Prince of Darkness
Director: John Carpenter
Writer: John Carpenter
Cast: Donald Pleasence, Jameson Parker, Victor Wong, Lisa Blount, Dennis Dun, Susan Blanchard, Anne Marie Howard, Ann Yen, Ken Wright, Dirk Blocker, Jessie Lawrence Ferguson, Peter Jason
Seen on: 22.5.2016
After the death of a priest, Father Loomis (Donald Pleasence) goes to his church and finds a weird container full of a green liquid in the basement. Nonplussed, he asks university professor Howard Birack (Victor Wong) for help in analyzing whatever that liquid is. Birack packs up equipment and a group of grad students from various fields. They set up camp in the church and get to work. But it seems the liquid isn’t something that science can deal with, but evil itself.
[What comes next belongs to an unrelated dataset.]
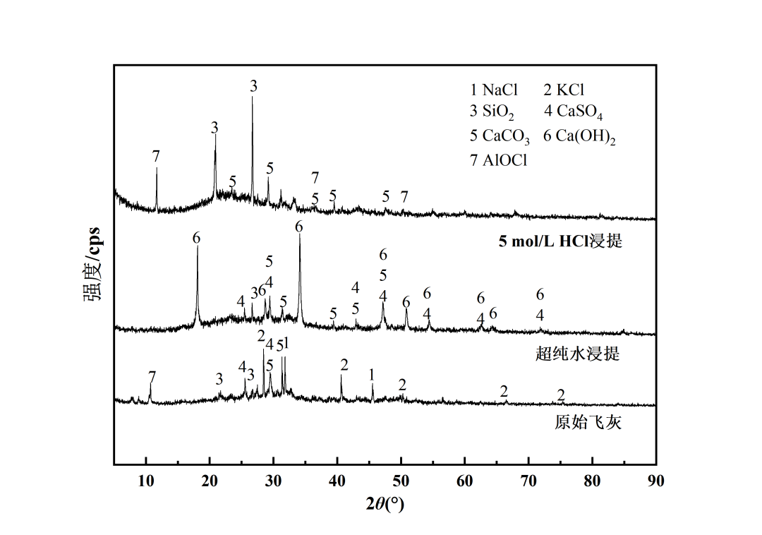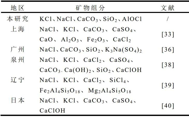 與不同地區(qū)飛灰礦物相組分對比,由表3可知,不同地區(qū)飛灰均含有碳酸鹽和硅酸鹽,且含有NaCl、KCl等可溶性氯鹽,Na、K元素來源于餐飲中食鹽等調(diào)味料的添加,高含量Cl-來源于爐排爐高溫焚燒下無機氯鹽的揮發(fā)以及垃圾成分中的廚余垃圾、塑料制品。相較于其他地區(qū),本研究還檢測到不溶氯AlOCl組分,可能是由于飛灰中Al2O3與焚燒煙氣中的酸性氣體反應(yīng)生成。

Prince of Darkness didn’t impress me much, I have to admit. While I enjoyed the science and religion blend at first, I just thought that it all got a bit much – and I wasn’t really able to go along with a lot of it.
I really loved that the priest’s first reaction was to call in the university when he stumbles upon weird goo in the church. This easy cooperation of science and religion is rather unusual for horror movies (or in general, actually) but it should happen more often, I think. It is unfortunate then that the film doesn’t really stick to its guns in that regard and the science starts to lose its importance as the film progresses.
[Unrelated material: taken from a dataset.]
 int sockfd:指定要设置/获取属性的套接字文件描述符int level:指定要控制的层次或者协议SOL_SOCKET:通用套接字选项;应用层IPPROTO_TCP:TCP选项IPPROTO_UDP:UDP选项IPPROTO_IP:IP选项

There was generally a lot of creativity to the plot and the mixing together of different things that are not usually part of devil-movies (in fact, Carpenter basically rewrites the Satanic mythology): telepathy, computers and algorithms, spooky liquids and more. Plus, there are oodles of very nice gore effects.
But other things are more unfortunate. Above all I was irritated by the inclusion of the homeless as Satan’s easy access henchmen. Was it really necessary to marginalize them even further that way, making them the first tangible threat? I also didn’t care much for the romance that is basically watching the fridging of a woman unfold in real time, when it’s all about how Brian (Jameson Parker) feels about it.
The film also had pacing issues and too many characters, which kept me at arm’s length from what was going on. Though it might just be that the film caught me at the wrong time, because there was a whole lot there to like, but since I am generally not that into Carpenter movies, I doubt that it would have worked better for me on another day. Maybe I’ll try again at some point though.